I love it when music, design and philately collide. And it’s happening again, thanks to the Royal Mail. Attention cool uncles and that boring guy who used to corner me at university house parties: Pink Floyd is being immortalised!
Last year marked the 50th anniversary of Pink Floyd’s founding, though it feels like they’ve been around for a lot longer, since every David Gilmour guitar solo goes for 50 years in its own right. Royal Mail’s tribute issue clocks in at no less than 10 stamps, which, much like a prog rock album, is more than anyone asked for and a lot more than was necessary to get the job done.
There are six stamps featuring album covers…
…plus a minisheet comprising four stamps marking live performances by the band:
We’re starting to see more and more album covers on stamps. No doubt postal administrations need to recruit younger collectors as the old ones die off. And what better way to pique interest among freshly-retired baby boomers than to start bunging their childhood on stamps?
Luckily for all of us, whatever you might think of the musical content of an album, they tend to look sensational in this new artistic context. The ominous Animals cover loses nothing in effect, even though it’s a stamp, not a prog rock cover, so we can’t fold out the other half to see the clouds rolling in over Battersea Power Station. I wonder how many letter-senders will notice the flying pig.
For the benefit of connoisseurs and my uncle, the other albums featured are The Piper at the Gates of Dawn, Atom Heart Mother, The Dark Side of the Moon, Wish You Were Here, and The Endless River. There are a few firsts among them. We’ve seen livestock on British stamps plenty of times before, but I don’t think we’ve seen a cow mooning us with quite so much glee as the one on the cover of Atom Heart Mother. And I haven’t checked, but I’d bet that this is the first time a stamp from the UK, or possibly anywhere, has featured a dude on fire.
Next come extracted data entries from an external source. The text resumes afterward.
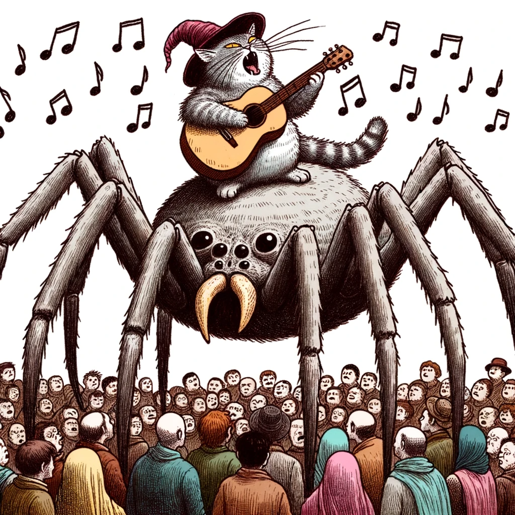 Desperate to sway the crowd to their side, Bartholemeow leapt atop the giant spider form of Waer’dara and broke into song, attempting to spin the situation as a morality tale of thieves getting their just deserts. But his performance failed to lift the crowd’s mood.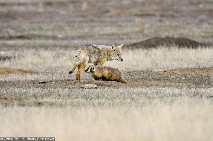 4. گرگ های صحرایی (کایوتی) و گورکن ها با یکدیگر دوست و همکار هستند و همراه با یکدیگر به شکار می روند.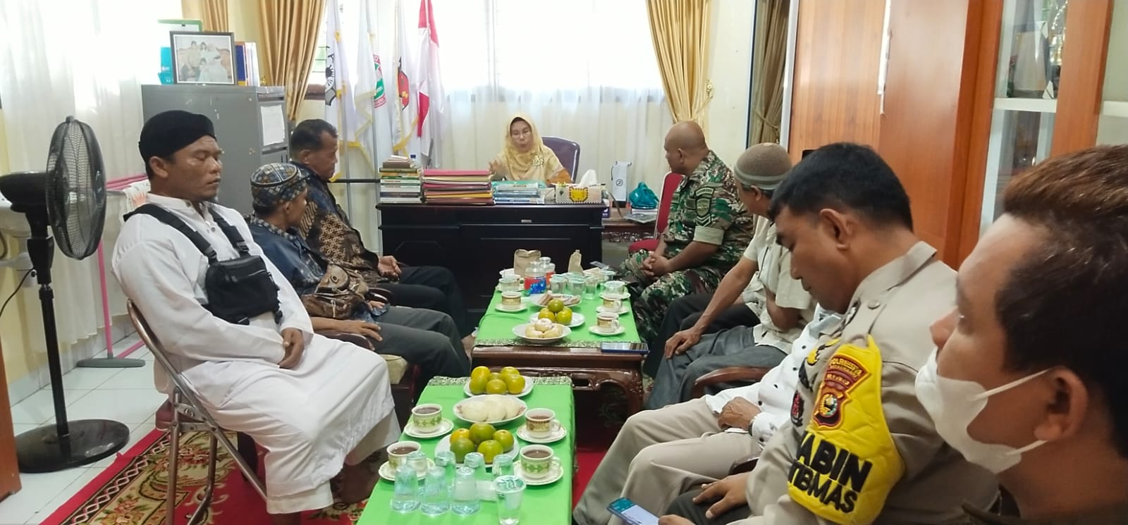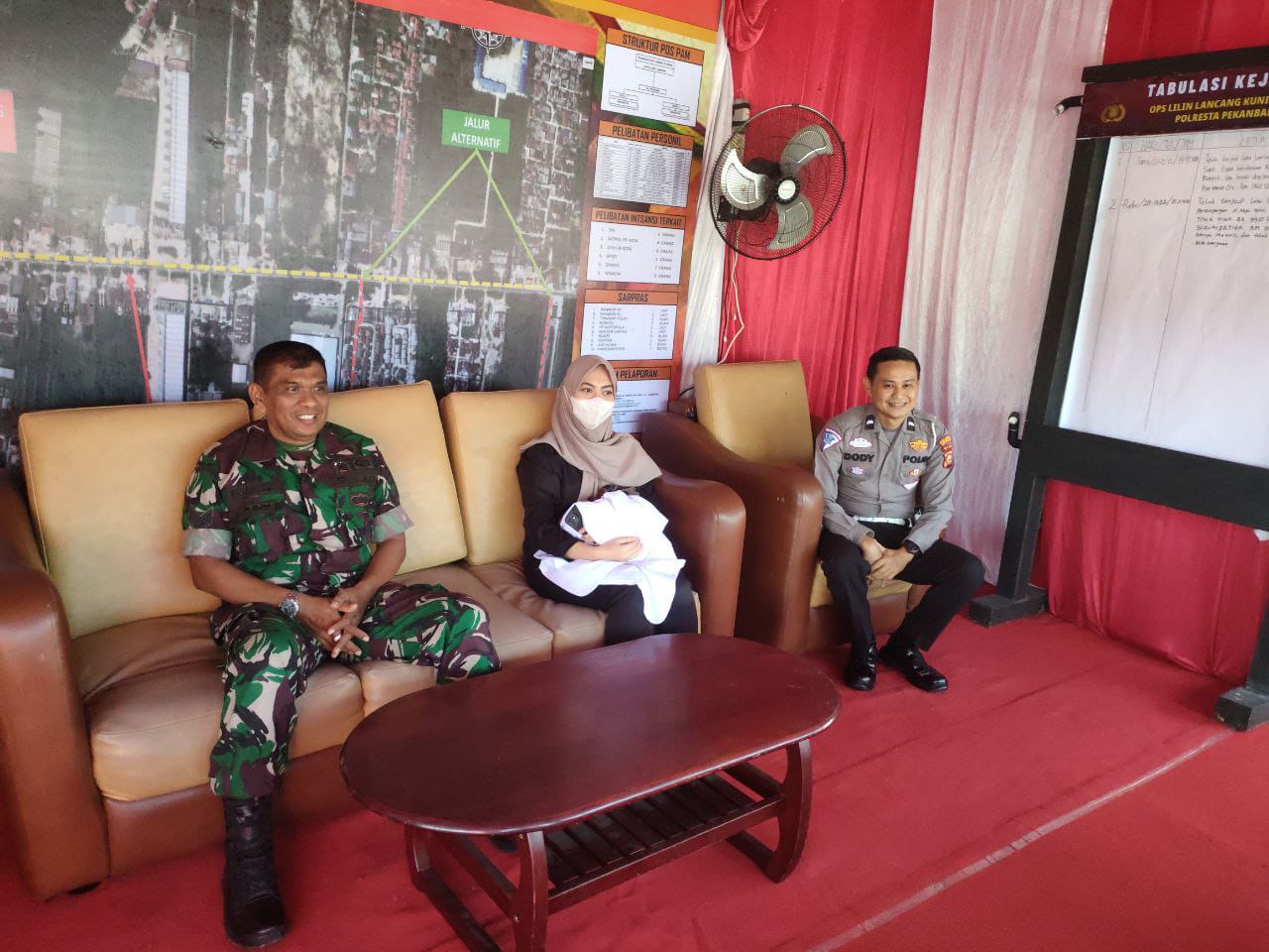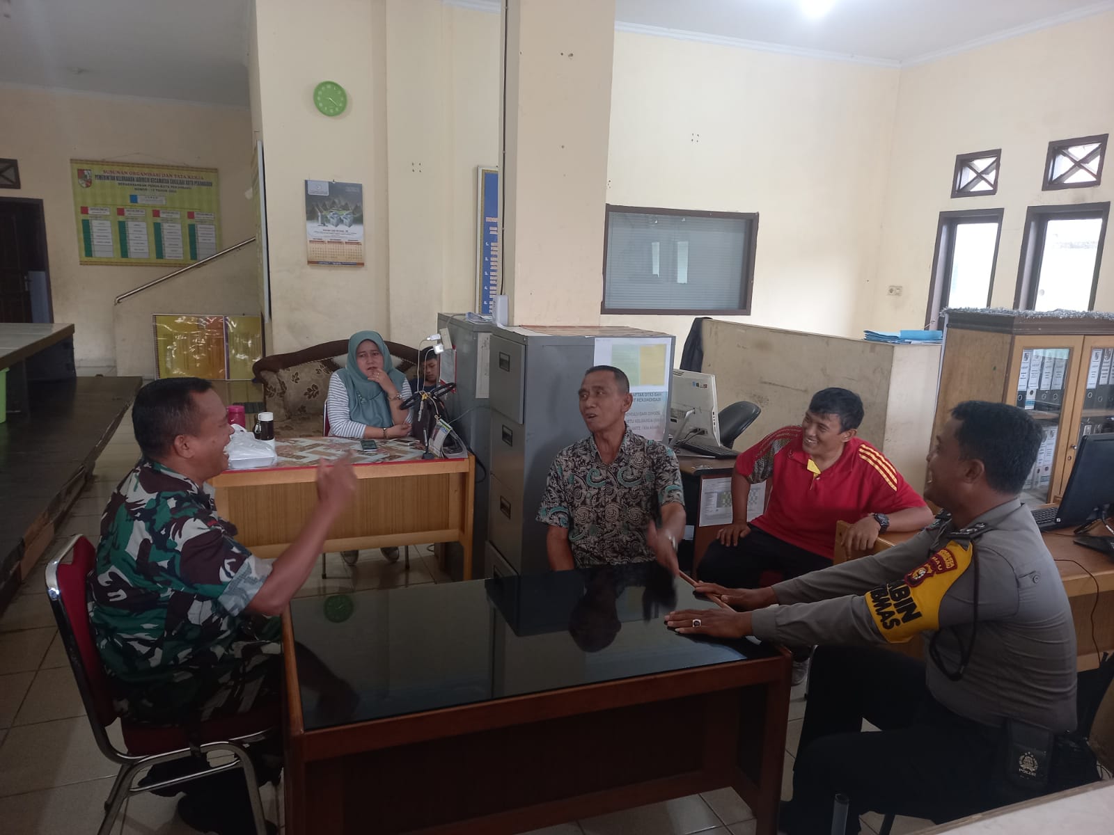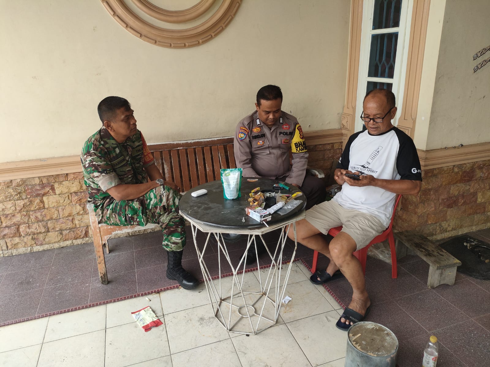 Anggota Koramil 06/Sukajadi, Serma Budi Mulia dan Babhinkamtibmas Aipda Sigit Kurniawan melaksanakan komunikasi sosial bersama Seklur Ospendi dan mantan Ketua RT 03 Ali Umar di kantor Kelurahan Jadirejo Jalan Kesuma Kecamatan Sukajadi, Senin.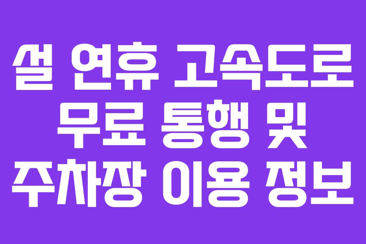 설 연휴 고속도로 통행료는 2025년 1월 27일부터 1월 30일까지 무료로 제공됩니다.

If you’re loving this, you might like to chase up Royal Mail’s 2010 Classic Album Covers issue, which included Pink Floyd’s Division Bell as well as Bowie’s Ziggy Stardust cover which I featured on this site when the great man passed. This new issue retains that lovely touch of having the vinyl peeking out from behind the cover, evocative of both the era, and of poor record storage.
Maybe it’s because they’d already used Division Bell that The Endless River snuck onto a stamp. It only came out in 2014 and got pretty middling reviews (“ghastly faux-psychedelic dinner-party muzak” – The Independent). Apparently, being the most pre-ordered album of all time on Amazon UK is all it takes to get a stamp these days.
I’m also not so sold on the live performance stamps. I know Pink Floyd were renowned for their live shows, but despite the extra-wide dimensions, I find them a bit, y’know, dull. Somehow, a tiny piece of paper just doesn’t capture the experience of being there. Though The Wall one comes up OK, mainly because of The Wall.
If you currently have smoke coming out of your ears and you’re screaming at your gadget, “Why is a self-described ‘punk’ featuring Pink Floyd on his so-called ‘punk’ blog?” then I completely understand. The Floyd are, of course, intimately tied up with the overblown, overproduced sounds that punk was reacting against. The first thing I would say is that you’re taking my moniker far too literally. The second thing I would say is, I don’t write about music, I write about culture and design. And the third thing I would say is, read this article I stumbled across at Coke Machine Glow, which argues coherently that Pink Floyd’s Animals was, in retrospect, one of the best punk albums of the 1970s.
Then go and have a conversation with the boring guy who always cornered me at university house parties.
The Pink Floyd stamps are out on July 7.